BEGIN Available data
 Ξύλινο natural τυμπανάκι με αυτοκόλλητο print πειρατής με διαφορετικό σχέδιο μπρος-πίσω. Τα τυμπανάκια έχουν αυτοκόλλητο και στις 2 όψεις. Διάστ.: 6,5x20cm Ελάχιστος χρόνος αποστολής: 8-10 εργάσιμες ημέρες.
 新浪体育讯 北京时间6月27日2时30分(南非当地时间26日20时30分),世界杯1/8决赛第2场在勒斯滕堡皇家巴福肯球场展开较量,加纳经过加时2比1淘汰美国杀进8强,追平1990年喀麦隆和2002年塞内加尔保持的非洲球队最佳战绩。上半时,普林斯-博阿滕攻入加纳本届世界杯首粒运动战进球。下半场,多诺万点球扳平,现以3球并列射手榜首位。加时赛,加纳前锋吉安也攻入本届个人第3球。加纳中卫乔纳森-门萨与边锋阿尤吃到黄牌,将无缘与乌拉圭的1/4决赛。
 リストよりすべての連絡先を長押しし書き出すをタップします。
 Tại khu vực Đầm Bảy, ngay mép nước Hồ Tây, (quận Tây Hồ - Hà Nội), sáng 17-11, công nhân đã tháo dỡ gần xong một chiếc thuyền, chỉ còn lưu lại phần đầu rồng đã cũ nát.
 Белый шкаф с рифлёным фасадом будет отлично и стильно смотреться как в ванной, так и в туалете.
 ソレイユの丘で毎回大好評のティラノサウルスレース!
END Available data
BEGIN Available data
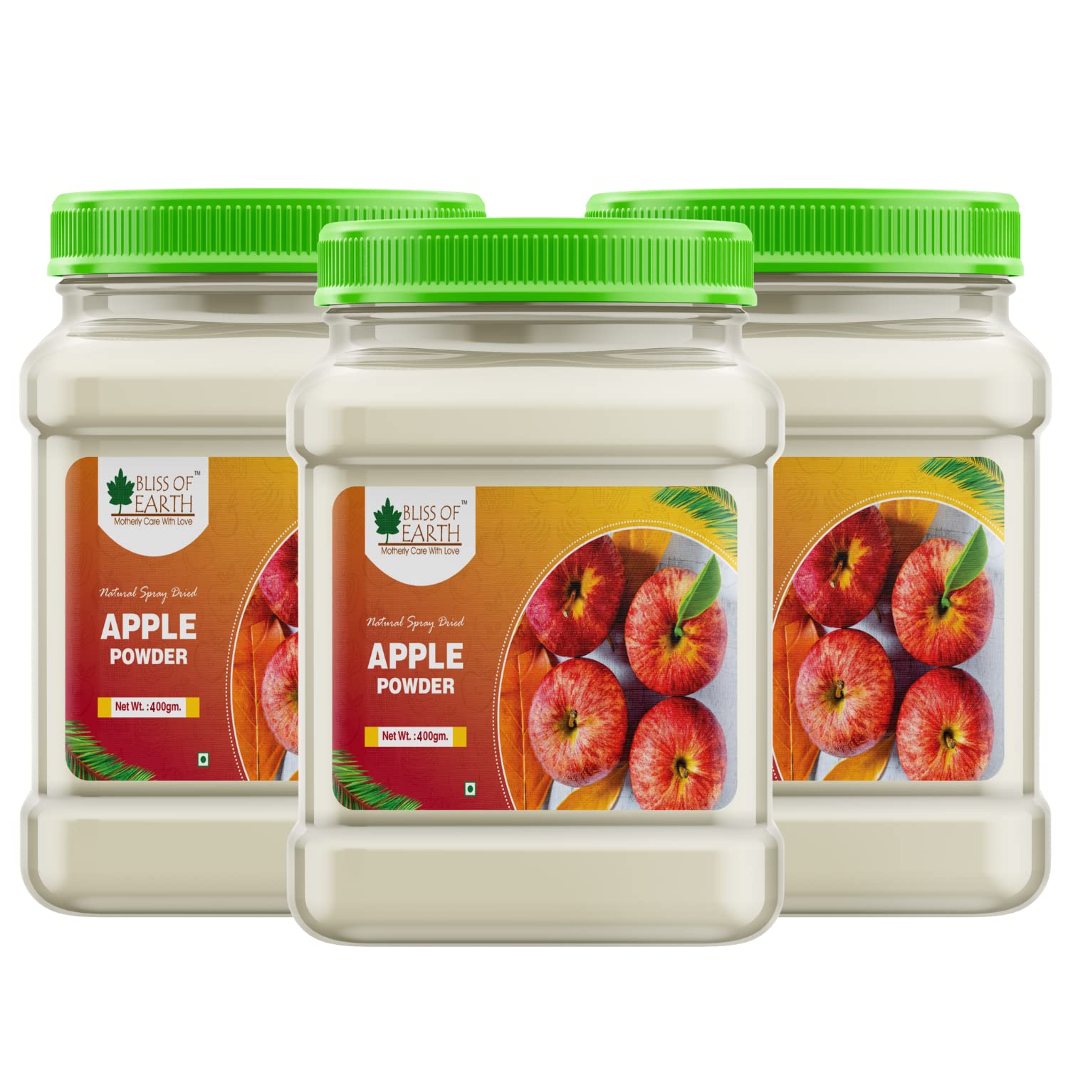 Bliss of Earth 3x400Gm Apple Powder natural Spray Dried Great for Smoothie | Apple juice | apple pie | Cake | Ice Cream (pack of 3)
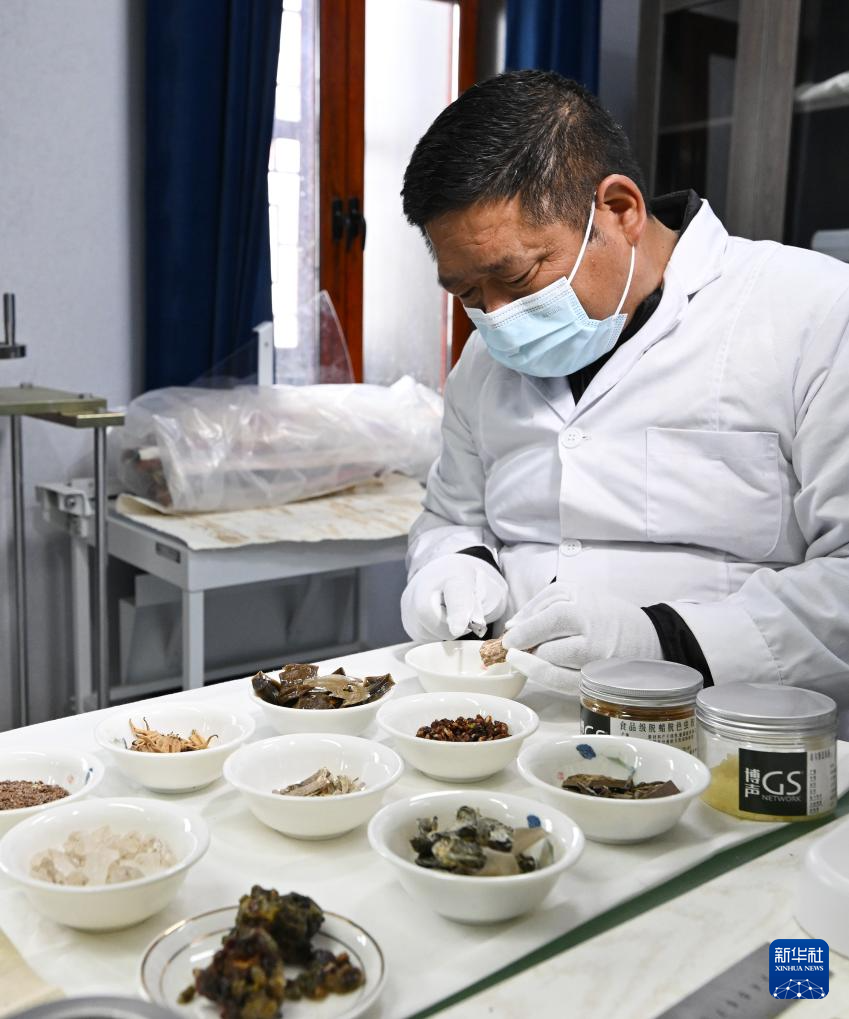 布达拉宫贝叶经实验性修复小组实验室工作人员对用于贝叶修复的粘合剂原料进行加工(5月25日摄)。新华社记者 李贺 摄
END Available data
__Problem requirements__. Only the lines from the one containing "Белый шкаф с" through the one containing "ソレイユの丘で毎回大好評のティラノサウルスレース!" are to be retyped, both boundary lines included, with no other material.

__Task response__.
 Белый шкаф с рифлёным фасадом будет отлично и стильно смотреться как в ванной, так и в туалете.
 ソレイユの丘で毎回大好評のティラノサウルスレース!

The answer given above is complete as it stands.